What the task requires: In the records below, repeat word for word only the lines starting at the one that contains "Youngstown ARS, Ohio" and ending at the one that contains "Eleanor Roosevelt, an", pictures excluded.

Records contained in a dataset

┄┄┄┄┄┄┄┄┄┄┄┄┄┄┄┄┄┄┄┄

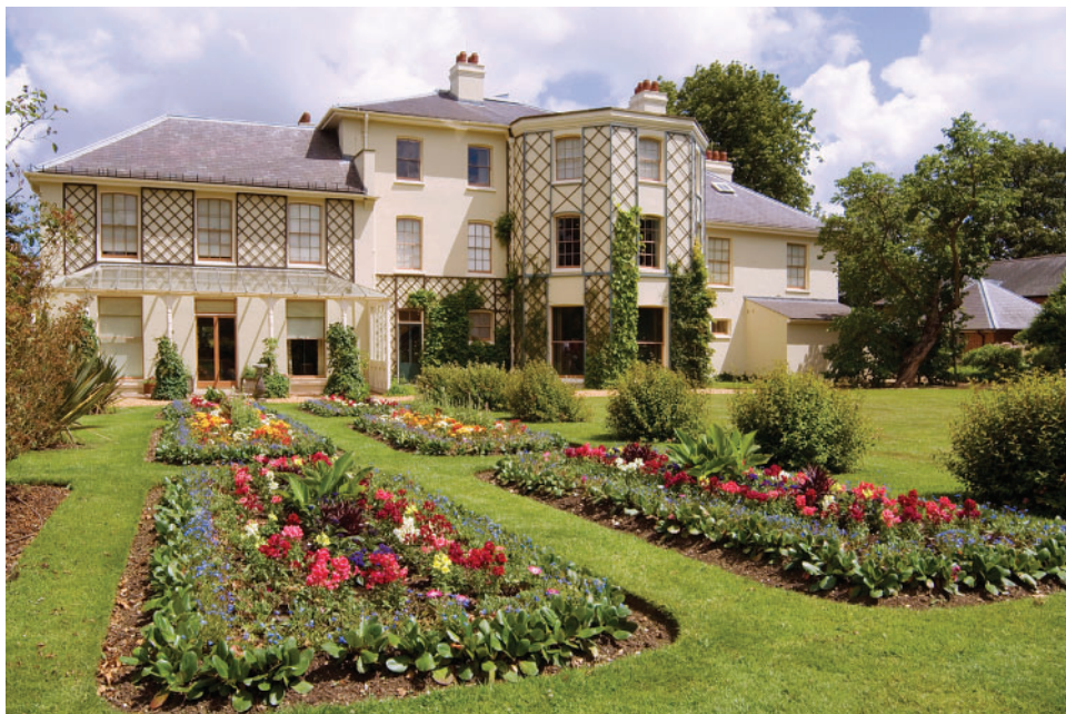
Fig. 2. Down House, Darwin's home where he carried out his botanical experiments.

The major contribution of plants to his theory came, however, from his observations and experiments with plants at his home Down House, in Kent (Fig. 2), where he took up residence in
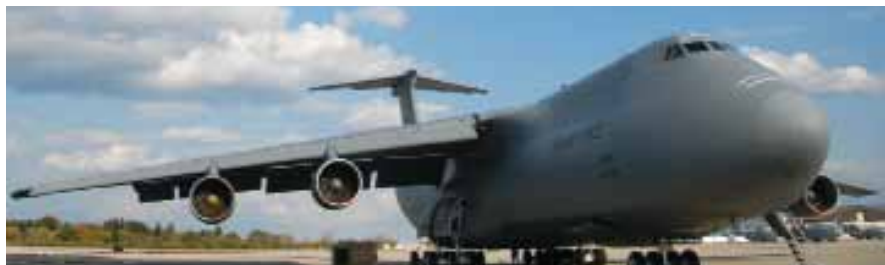
A C-5A on the ramp at Stewart ANGB, N.Y.

Youngstown ARS, Ohio 44473-5912; 14 mi. N of Youngstown. Phone: 330-609-1000; DSN 346-1000. Units: 910th Airlift Wing (AFRC); Army Corps of Engineers; Army, Navy, and Marine Corps Reserve units; FAA. History: activated 1953. Area: 230 acres. Runways: three, primary length 9,000 ft. Altitude: 1,196 ft. Full-time personnel: AFRC, 282; ANG, 17. Lodging: 142 beds. Limited exchange.
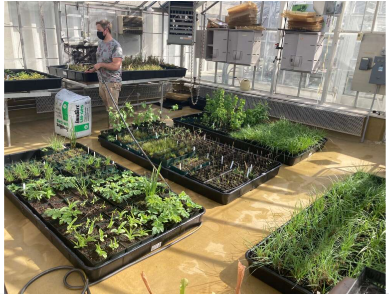
This community-engaged learning project, "Wetland in a Box", led by Blake Wellard and James Young (shown), has University of Utah students help propagate and plant out over 100 species of native Utah wetland species to provide better habitat for Utah's pollinators and other wildlife species
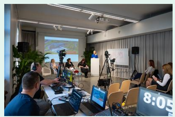
The process of the conference.

providing museum and library staff with various educational tools, to foster the understanding of the SDGs among cultural sector professionals. The promotion of transnational, cross-sectoral cooperation is also an important part of this initiative.
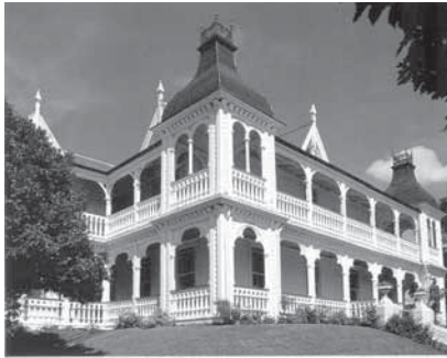
Figure 2: Elaborate verandahs of Alberton (1870).

Alberton, a house located on the slopes of Mount Albert, Auckland, was initially built as a two-storied gabled farm-house in 1862. Then, in 1870 the architect Matthew Henderson added elaborate verandahs which wrapped around three sides (Shaw, 2003, p. 41). These copious verandahs were to reflect status rather than provide amenity.
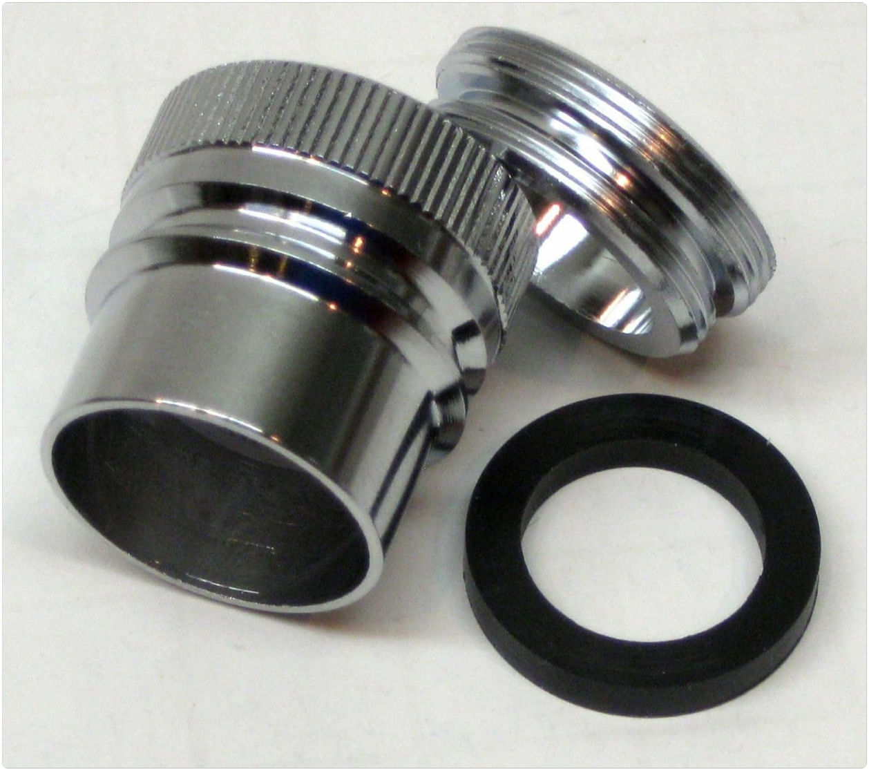
Figure 1: The Dishwasher Faucet Adapter Aerator Snap Fitting, showing the main body and threaded connector.
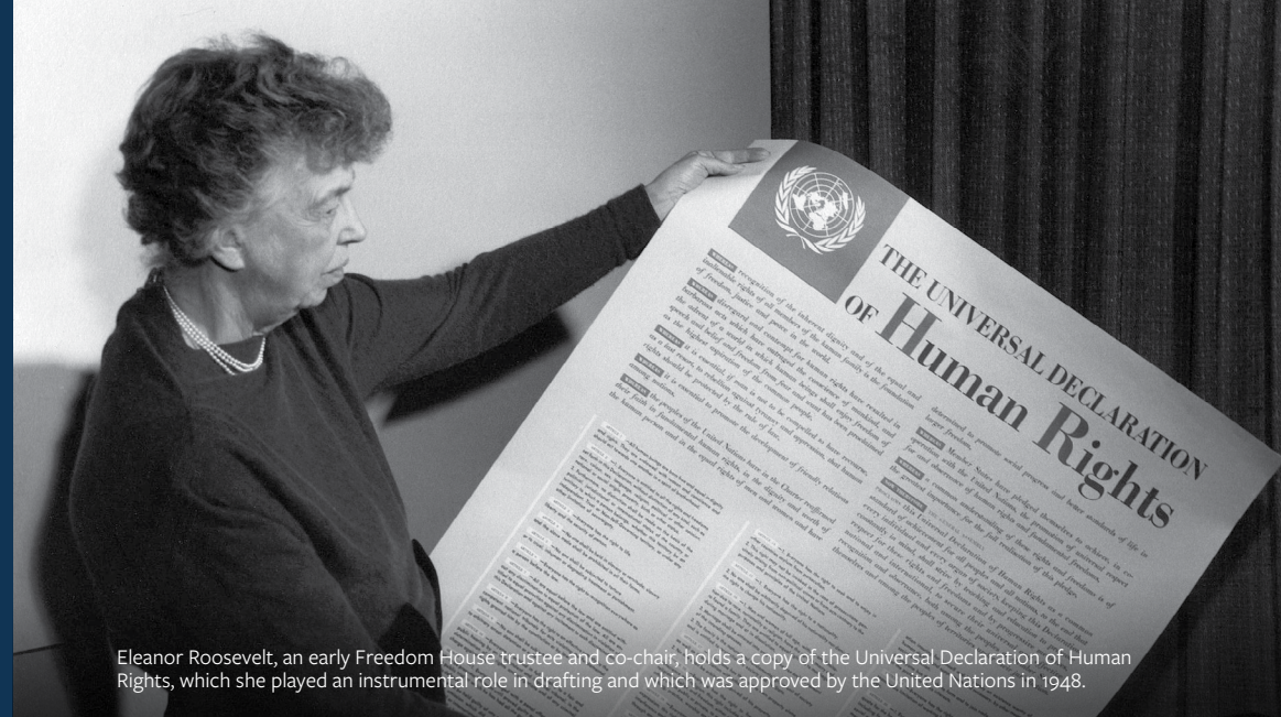
Eleanor Roosevelt, an early Freedom House trustee and co-chair, holds a copy of the Universal Declaration of Human Rights, which she played an instrumental role in drafting and which was approved by the United Nations in 1948.

Freedom House was founded in 1941 to mobilize policymakers and a broadly isolationist American public to engage in the fight against Nazi Germany and the fascist threat to American security and values. In the decades since, Freedom House has established itself through its advocacy, programs, and research as the leading nonpartisan American organization devoted to the support and defense of freedom around the world.
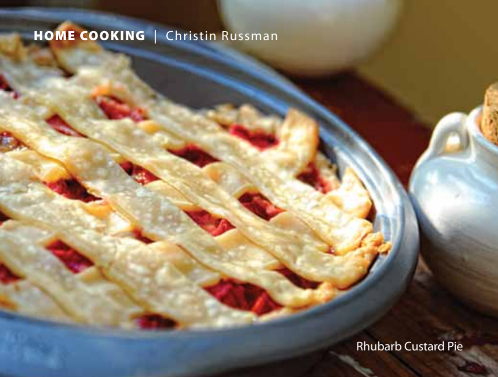
Rhubarb Custard Pie
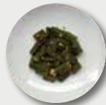
1/2 cup okra

┄┄┄┄┄┄┄┄┄┄┄┄┄┄┄┄┄┄┄┄

Response:
Youngstown ARS, Ohio 44473-5912; 14 mi. N of Youngstown. Phone: 330-609-1000; DSN 346-1000. Units: 910th Airlift Wing (AFRC); Army Corps of Engineers; Army, Navy, and Marine Corps Reserve units; FAA. History: activated 1953. Area: 230 acres. Runways: three, primary length 9,000 ft. Altitude: 1,196 ft. Full-time personnel: AFRC, 282; ANG, 17. Lodging: 142 beds. Limited exchange.
This community-engaged learning project, "Wetland in a Box", led by Blake Wellard and James Young (shown), has University of Utah students help propagate and plant out over 100 species of native Utah wetland species to provide better habitat for Utah's pollinators and other wildlife species
The process of the conference.

providing museum and library staff with various educational tools, to foster the understanding of the SDGs among cultural sector professionals. The promotion of transnational, cross-sectoral cooperation is also an important part of this initiative.
Figure 2: Elaborate verandahs of Alberton (1870).

Alberton, a house located on the slopes of Mount Albert, Auckland, was initially built as a two-storied gabled farm-house in 1862. Then, in 1870 the architect Matthew Henderson added elaborate verandahs which wrapped around three sides (Shaw, 2003, p. 41). These copious verandahs were to reflect status rather than provide amenity.
Figure 1: The Dishwasher Faucet Adapter Aerator Snap Fitting, showing the main body and threaded connector.
Eleanor Roosevelt, an early Freedom House trustee and co-chair, holds a copy of the Universal Declaration of Human Rights, which she played an instrumental role in drafting and which was approved by the United Nations in 1948.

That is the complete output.